* _SUPPLIED MATERIAL_
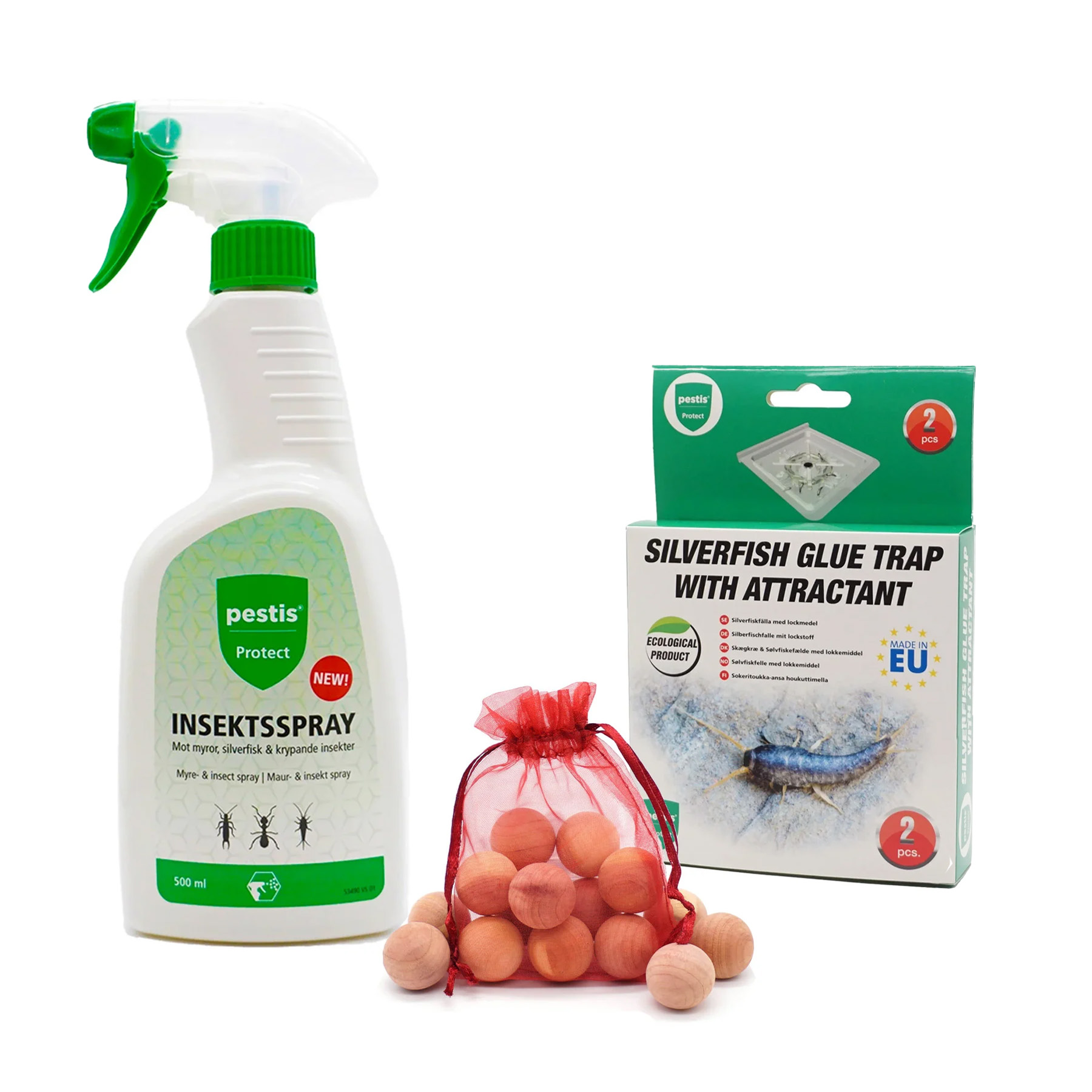 Dieses Wertpaket enthält eine Kombination von Produkten, um Silberfischchen zu bekämpfen und einen Schutz aufzubauen. Verwende Silberfischchenfallen zur passiven Erkennung und Überwachung, Insektenspray zur aktiven Behandlung und Zedernholz für einen angenehmen Duft.
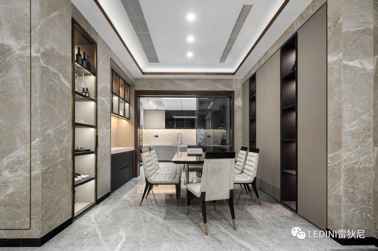餐邊柜大面積的高級灰使整個空間沉穩克制,
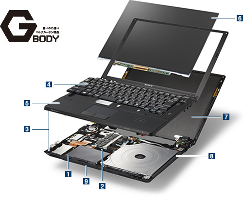 「マルチカーボン構造」で強固に鍛え上げたボディ。さらにGシリーズでは内部の構造や部品の配置・固定方法、ハードディスク保護の工夫など、堅牢性を徹底追求。強さへの信頼性を極限まで高めています。

* _EXERCISE DETAILS_
All of the data above needs to be given again exactly. Leave out each image.

* _OUTPUT OF THE EXERCISE_
 Dieses Wertpaket enthält eine Kombination von Produkten, um Silberfischchen zu bekämpfen und einen Schutz aufzubauen. Verwende Silberfischchenfallen zur passiven Erkennung und Überwachung, Insektenspray zur aktiven Behandlung und Zedernholz für einen angenehmen Duft.
餐邊柜大面積的高級灰使整個空間沉穩克制,
 「マルチカーボン構造」で強固に鍛え上げたボディ。さらにGシリーズでは内部の構造や部品の配置・固定方法、ハードディスク保護の工夫など、堅牢性を徹底追求。強さへの信頼性を極限まで高めています。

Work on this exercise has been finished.